AAAI Conference 2026 Conference Paper
GenePheno: Interpretable Gene Knockout-Induced Phenotype Abnormality Prediction from Gene Sequences
- Jingquan Yan
- Yuwei Miao
- Lei Yu
- Yuzhi Guo
- Xue Xiao
- Lin Xu
- Junzhou Huang
Exploring how genetic sequences shape phenotypes is a fundamental challenge in biology and a key step toward scalable, hypothesis-driven experimentation. The task is complicated by the large modality gap between sequences and phenotypes, as well as the pleiotropic nature of gene–phenotype relationships. Existing sequence-based efforts focus on the degree to which variants of specific genes alter a limited set of phenotypes, while general gene knockout-induced phenotype abnormality prediction methods heavily rely on curated genetic information as inputs, which limits scalability and generalizability.
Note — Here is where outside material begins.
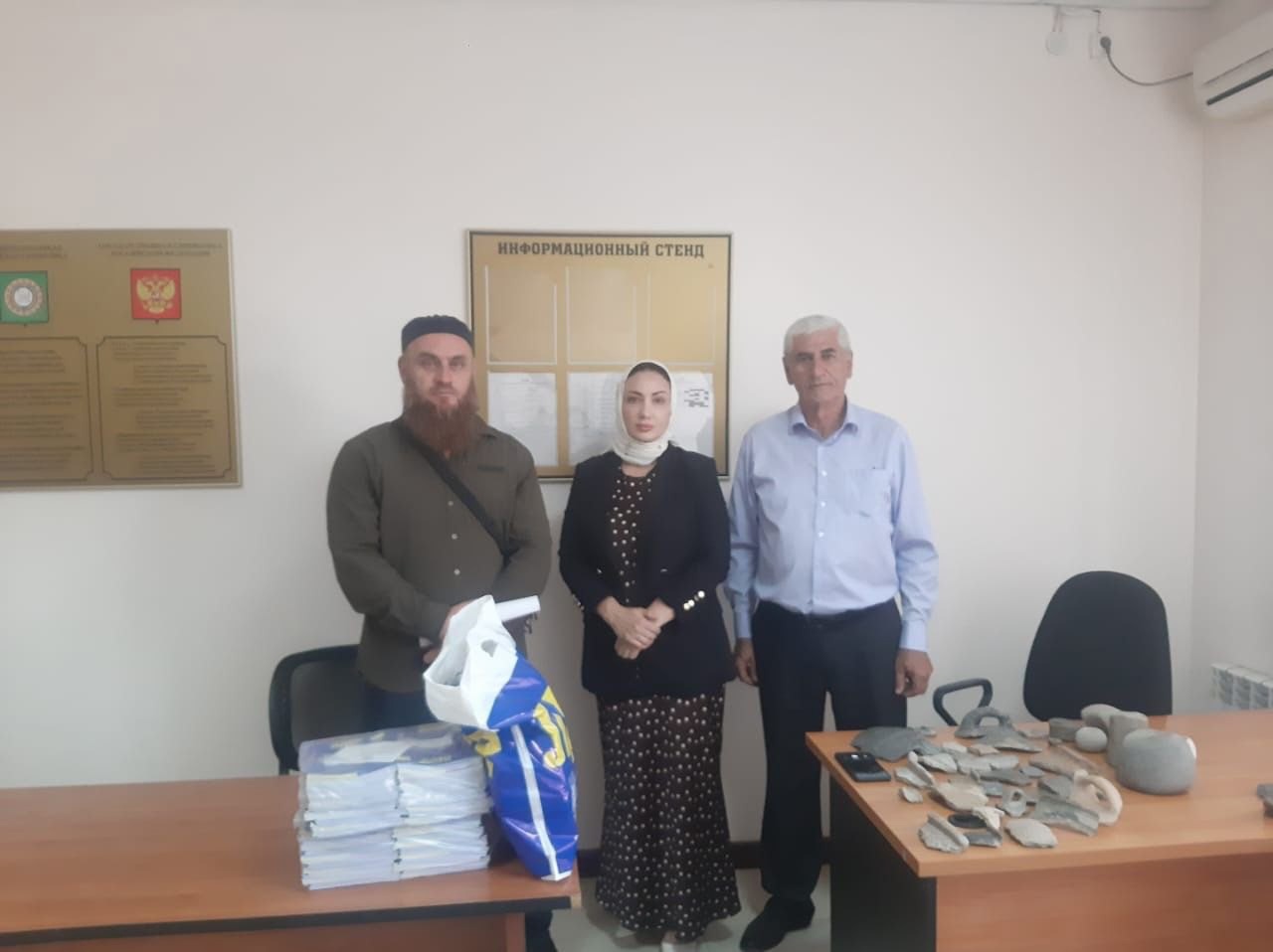 Член Совета депутатов Калиновского сельского поселения Таиса Мукаева по просьбе Обукосума Эскирханова, замдиректора Наурского государственного колледжа организовала его встречу с археологами Академии наук ЧР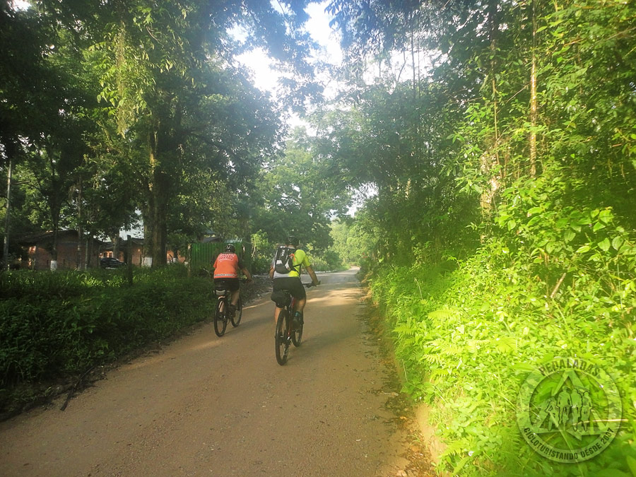 Com predominância por doces, o generoso café da manhã foi agradavelmente bom, pecando apenas pela ingrata ausência de sucos e quem não bebe café se obrigou a passar novamente na padaria antes de seguir viagem de volta. Nove e tanto da manhã já estávamos subindo aquilo que foi uma grande descida na véspera, agora com o impiedoso sol castigando novamente. Vencido o morro inicial, passamos a descer um bocado e paramos apenas na querida tenda mágica para garantir a água e o refrigerante para o restante da divertida cicloviagem.

As a result, the task of broadly predicting the presence of multiple phenotype abnormalities under gene knockout directly from gene sequences remains underexplored. We introduce GenePheno, the first interpretable multi-label prediction framework that predicts knockout-induced phenotypic abnormalities from gene sequences. GenePheno employs a contrastive multi-label learning objective that captures inter-phenotype correlations, complemented by an exclusive regularization that enforces biological consistency. It further incorporates a gene function bottleneck layer, offering human-interpretable concepts that reflect functional mechanisms behind phenotype formation. To support progress in this area, we curate four datasets with canonical gene sequences as input and multi-label phenotypic abnormalities induced by gene knockouts as targets. Across these datasets, GenePheno achieves state-of-the-art gene-centric Fmax and phenotype-centric AUC, and case studies demonstrate its ability to reveal gene functional mechanisms.